すると、二人の前に黒ウサギがドヤ顔出来た。
「ふっふーん。驚きました?」
「やられた、とは思ってる。まさか此処まで凄い物が見られるとはな」
「うん!おかげで大きな目標もできたしね!」
刹那が嬉しそうに言う。
「大きな目標ですか?」
「さっきから目をキラキラさせながら言うんだよ。

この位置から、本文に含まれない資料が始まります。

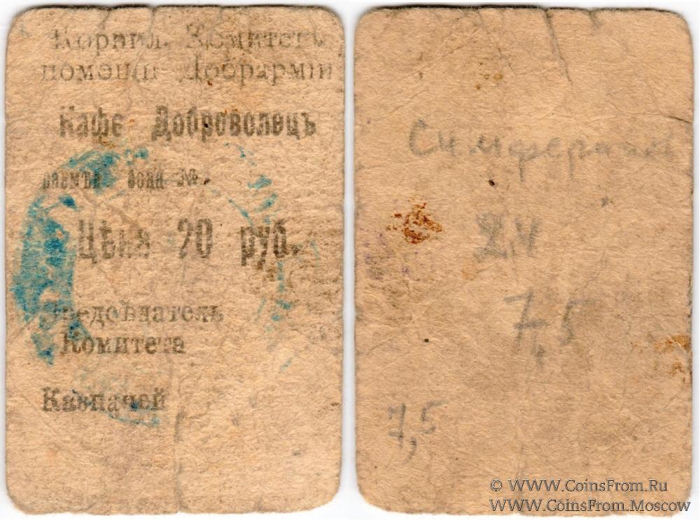 Разменная бона без даты (1920 г.). Корниловский Комитет помощи Добрармии. Кафе Доброволец.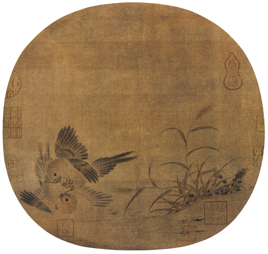 此图原载《历代名笔集胜册》第一册(见《虚斋名画录》)。签题黄居寀作。按此画绝不类居作,无庸附会其名,故今改题为无名氏作。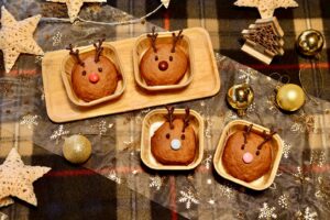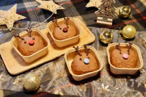 できあがっている生地をきれいに丸めて、トナカイの形に仕上げます。チョコペンで立派なツノを作ったら完成です。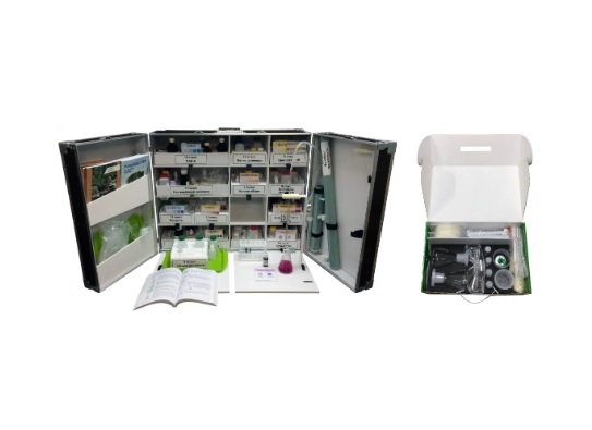 - Содержит готовые к применению реагенты, тест-системы, портативные средства дозировки проб, мерную пластмассовую и стеклянную посуду и другое оборудование;

全く、随分と馬鹿デカイ目標を掲げたモンだぜ」
二人の言葉に刹那は純粋な瞳で上を見上げながら、ペルセウス座の位置していた場所へ指を向けて言った。
「"あそこ"に僕達の旗を飾るんだ!・・・どう?」
刹那の言葉に、黒ウサギ達は絶句する。そして次の瞬間、弾ける様に笑い声を上げた。
「それは・・・とてもロマンが御座います」
「だな」
「でしょ♪」
満面の笑顔で返すが、道のりははまだまだ険しい。奪われた物を全て奪い返し、その上で、コミュニティを盛り上げなければいけないのだから
だが、残りの二人も反対はしないだろう、とそんな予感が黒ウサギと十六夜にはあった。
"家族を、友人を、財産を、世界の全てを捨てて箱庭に来い"
それだけの対価を支払った彼らの生活は、まだ始まったばかりなのだから。
「・・・」
だが、そんな彼らに別れの時がゆっくりと確かに近付いて来ていた・・・。